**YOUR TASK:**
Pictures excluded, reproduce exactly the lines below from the one with "TESSAN コード式6ポート電源タップ 180°回転のスイングプラグ" through the one with "لاتهجر شيئًا من", both included.

**DATASET CONTENT:**

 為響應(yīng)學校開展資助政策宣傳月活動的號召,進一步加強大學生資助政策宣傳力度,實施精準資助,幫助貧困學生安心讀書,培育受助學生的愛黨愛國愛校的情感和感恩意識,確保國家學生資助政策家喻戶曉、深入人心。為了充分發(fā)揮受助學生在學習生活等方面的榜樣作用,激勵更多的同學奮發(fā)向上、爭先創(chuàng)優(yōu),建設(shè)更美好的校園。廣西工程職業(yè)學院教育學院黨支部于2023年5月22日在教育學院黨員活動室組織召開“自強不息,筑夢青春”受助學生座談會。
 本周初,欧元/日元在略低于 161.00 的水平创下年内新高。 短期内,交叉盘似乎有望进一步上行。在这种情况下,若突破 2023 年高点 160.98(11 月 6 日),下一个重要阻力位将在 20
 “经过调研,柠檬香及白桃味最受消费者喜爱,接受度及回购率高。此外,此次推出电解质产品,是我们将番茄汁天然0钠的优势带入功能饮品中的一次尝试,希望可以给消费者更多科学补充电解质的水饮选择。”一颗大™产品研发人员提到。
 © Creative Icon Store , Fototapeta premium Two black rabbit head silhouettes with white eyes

--

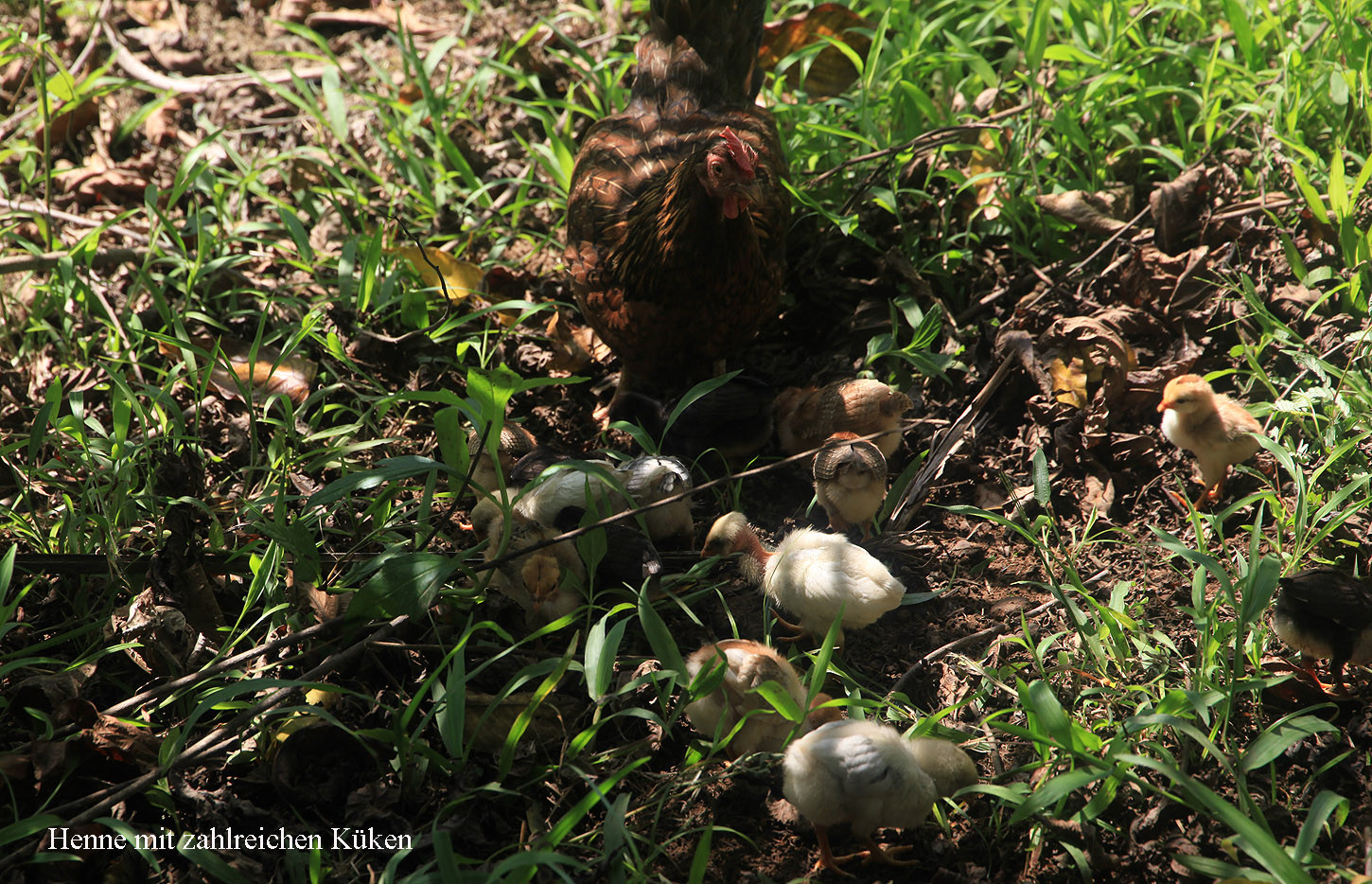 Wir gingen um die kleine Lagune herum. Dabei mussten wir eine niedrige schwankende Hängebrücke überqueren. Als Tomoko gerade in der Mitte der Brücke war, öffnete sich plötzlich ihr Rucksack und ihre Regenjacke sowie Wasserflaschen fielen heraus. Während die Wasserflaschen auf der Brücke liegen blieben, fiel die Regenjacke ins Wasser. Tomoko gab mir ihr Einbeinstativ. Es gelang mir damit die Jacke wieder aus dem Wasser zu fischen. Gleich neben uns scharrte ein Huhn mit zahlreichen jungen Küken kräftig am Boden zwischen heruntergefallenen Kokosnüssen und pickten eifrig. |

==

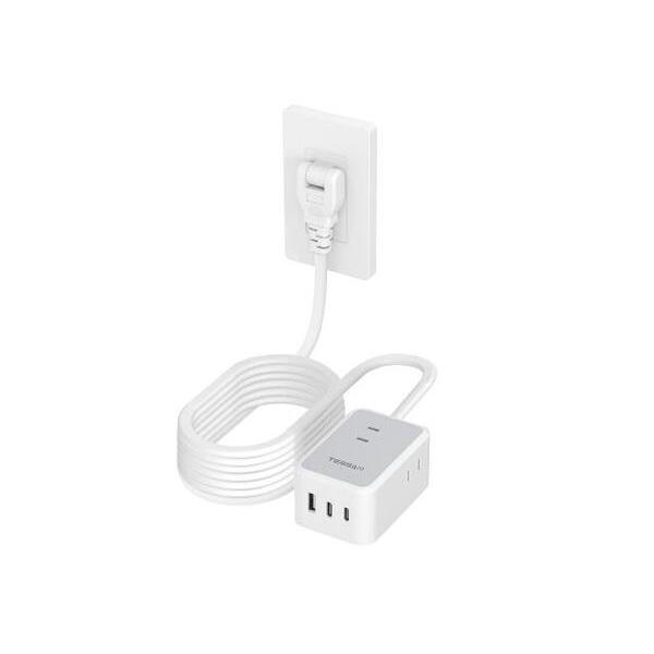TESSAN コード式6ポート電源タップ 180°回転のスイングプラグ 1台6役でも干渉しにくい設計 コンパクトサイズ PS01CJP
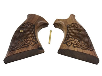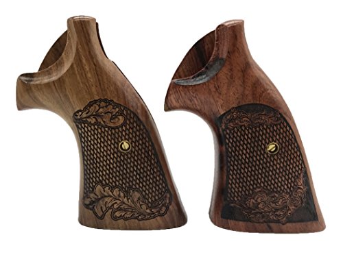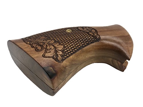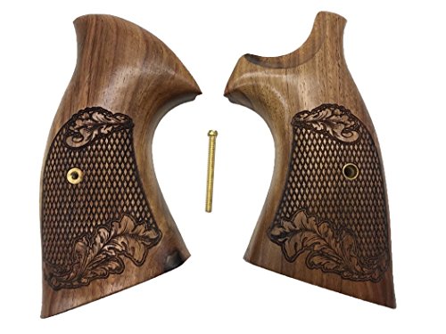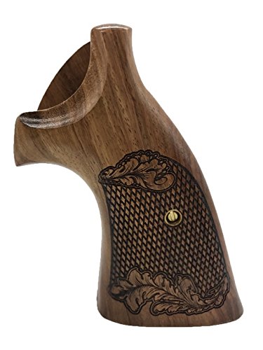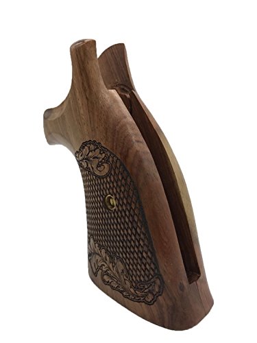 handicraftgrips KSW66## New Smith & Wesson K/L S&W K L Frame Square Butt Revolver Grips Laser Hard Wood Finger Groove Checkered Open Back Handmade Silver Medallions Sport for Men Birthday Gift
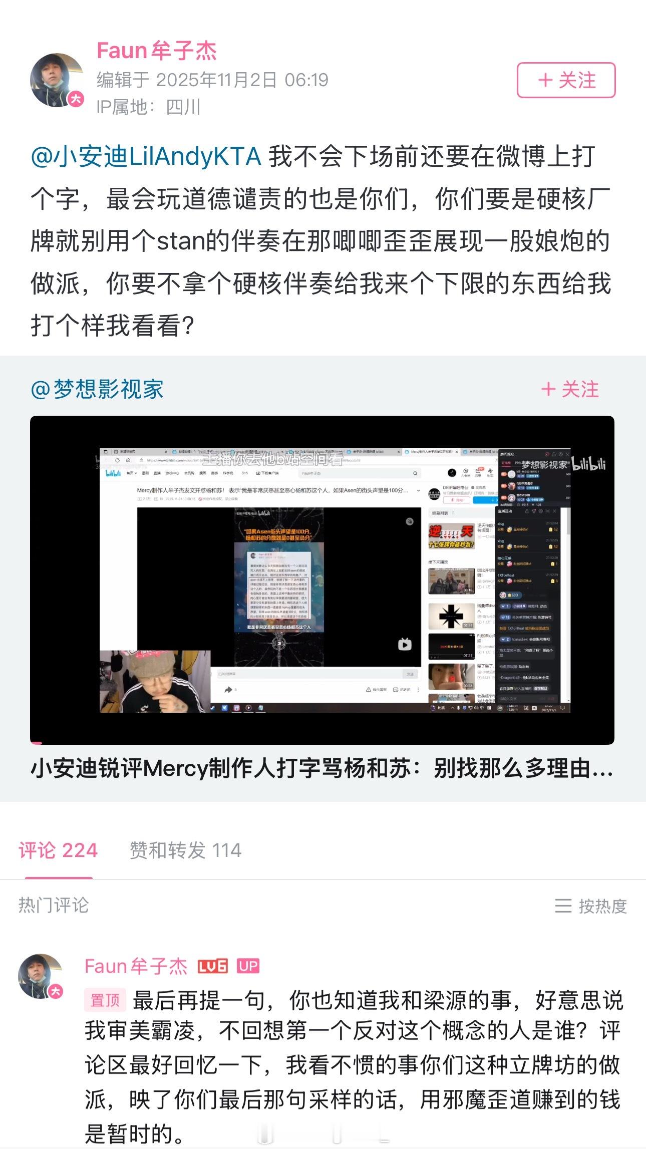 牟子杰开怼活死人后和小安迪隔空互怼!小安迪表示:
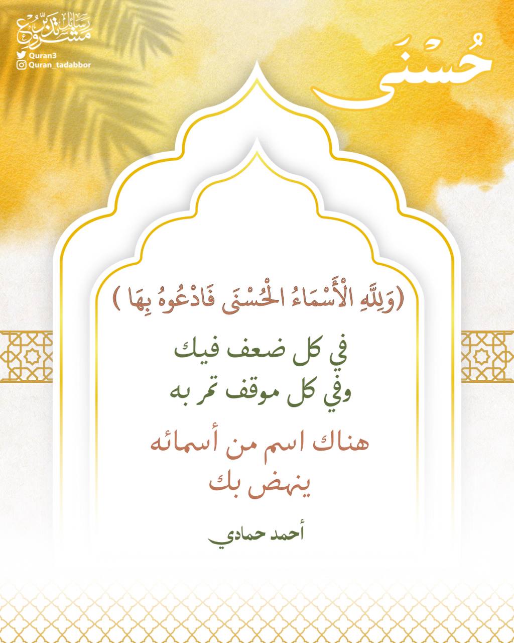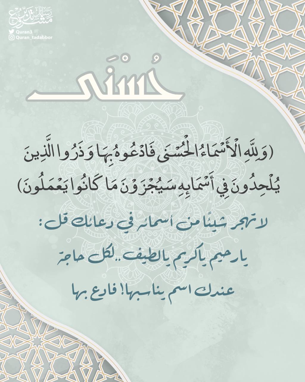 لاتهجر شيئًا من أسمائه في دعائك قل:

**ANSWER TO THE PROBLEM:**
TESSAN コード式6ポート電源タップ 180°回転のスイングプラグ 1台6役でも干渉しにくい設計 コンパクトサイズ PS01CJP
 handicraftgrips KSW66## New Smith & Wesson K/L S&W K L Frame Square Butt Revolver Grips Laser Hard Wood Finger Groove Checkered Open Back Handmade Silver Medallions Sport for Men Birthday Gift
 牟子杰开怼活死人后和小安迪隔空互怼!小安迪表示:
 لاتهجر شيئًا من أسمائه في دعائك قل:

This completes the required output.